Gingerbread tornadoes, pumpkin pie snow, ice cream fog and pizza lightning are all a possibility, if Jennifer Wilk’s kindergarten class at Hillcrest School has anything to say about it.

And they have a lot to say.

Earlier this month, Wilk’s students walked a few doors down on Hilltop Drive to Bridge Haven Memory Care Residence to interact with the residents.

Bridge Haven, a white house with blue shutters, sits in the middle of a residential neighborhood and looks like any other house. However, the facility provides family-style assisted living for eight senior residents in varying stages of Alzheimer’s disease. The facility prides itself on its core values of home, family and attentive care.

Wilk has been taking her kindergarten or first-grade classes to Bridge Haven for about five years. The children spend 15 minutes to half an hour performing plays, presentations or showing off art projects or other things they’re learning in school. Last month, the children made Valentine’s Day cards and gave them to the residents.

“Every year, we tend to up how many times we go,” Wilk said. “I like to try to go about once a month.”

This month, the children wrote and typed their own scripts and created and decorated their own “television sets” out of cardboard boxes. The children just learned about weather a la “Cloudy With a Chance of Meatballs,” Wilk said. The book by Judi Barrett inspired the project.

Peering out from behind their makeshift TV sets, the kindergartners took turns telling their crazy weather forecasts.

“It’s a really cool experience for the kids,” Wilk said.

She said the children are sometimes shy the first time they visit Bridge Haven, but they warm up quickly. She added that not many people, Hillcrest staff included, knew where Bridge Haven was or what the facility did before the partnership began.

Robert Wilson, executive director for Bridge Haven Memory Care Residence and for Bridge Haven Care Cottage, said it’s a cool experience for the residents, too.

“They perk up. They get more into life again,” Wilson said. “You can see the changes in their faces when children come in.”

Robert League, a resident at Bridge Haven, sat and watched as the children performed their weather forecasts. He said he enjoyed when the kindergartners came to Bridge Haven.

“They bring back such wonderful memories from when I was their age,” he said. “I loved school.”

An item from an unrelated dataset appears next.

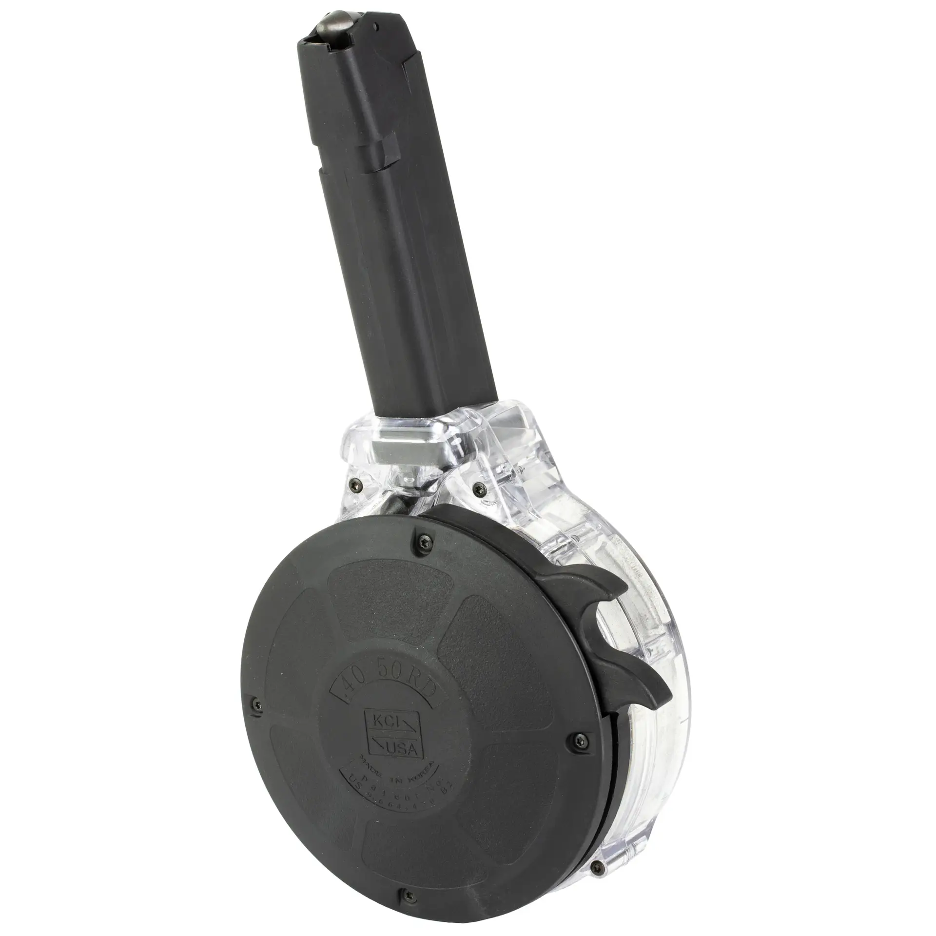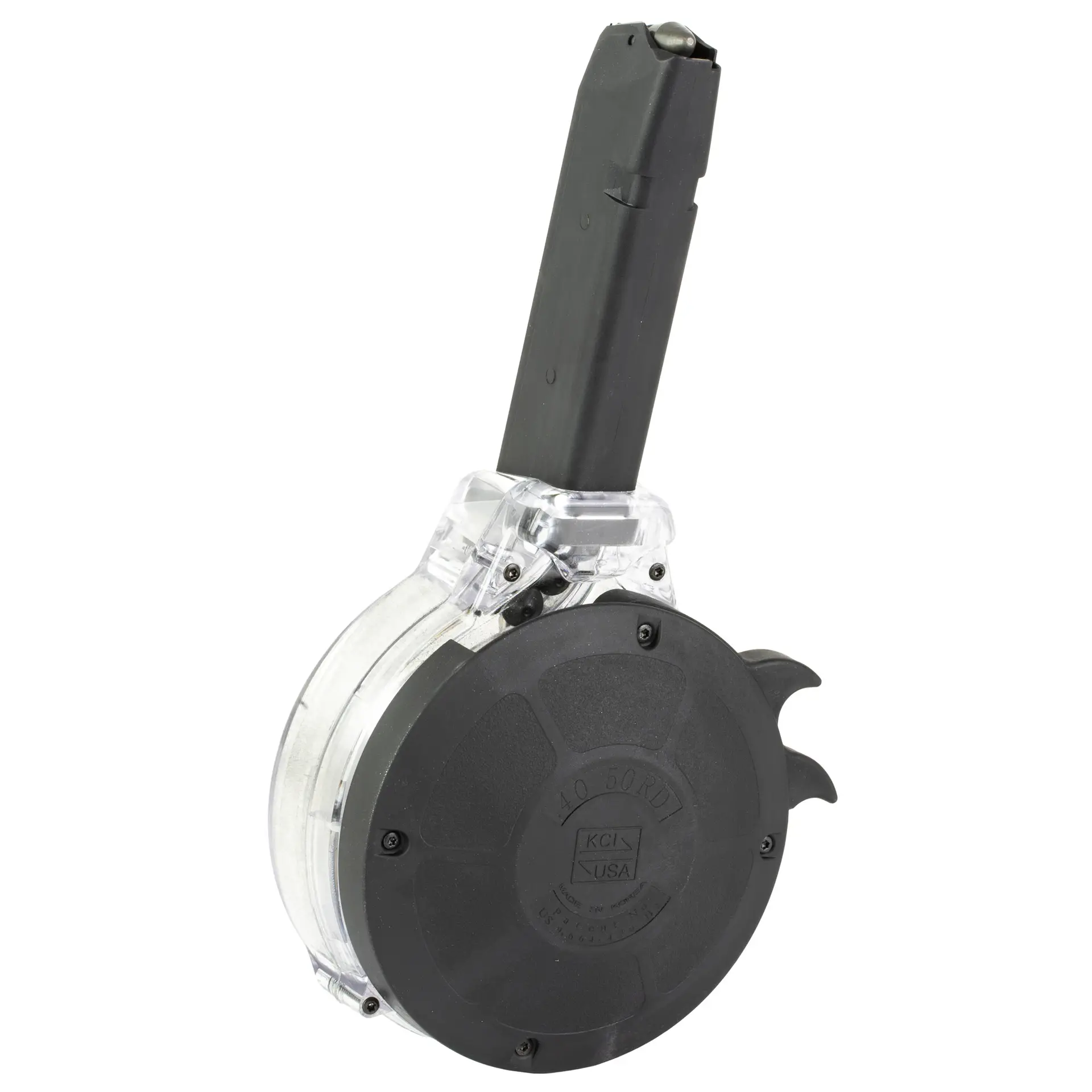 KCI’s 50 round 40 Smith & Wesson Glock pattern drum is a clear glass-filled polymer body and features steel internal components. The load assist lever makes for fast and effortless loading. Disclaimer: Lifetime Warranty VOIDED if customer disassembles magazine! This magazine is not designed to be used with hollow point ammo. For use in Glock patterned pistols.

The partnership between Bridge Haven and Hillcrest began when Wilk’s full-time para-educator at the time, Margaret Dixon, knew an assistant who worked at Bridge Haven. Dixon helped get Wilk in touch with Bridge Haven, and she began taking her kindergarten or first-grade classes down the street to interact with the residents.

“Usually after the first time they warm up and get excited to go and show off what they’re learning in class,” Wilk said. “You know, sometimes they ask questions — you know, ‘How come he doesn’t talk?’ or ‘How come he’s in a wheelchair?’ — and they just ask questions about that, and it’s just an opportunity for us to talk to them about how different people need different things.”

Wilk and Wilson agree that the partnership is beneficial to both the Bridge Haven residents and the Hillcrest students.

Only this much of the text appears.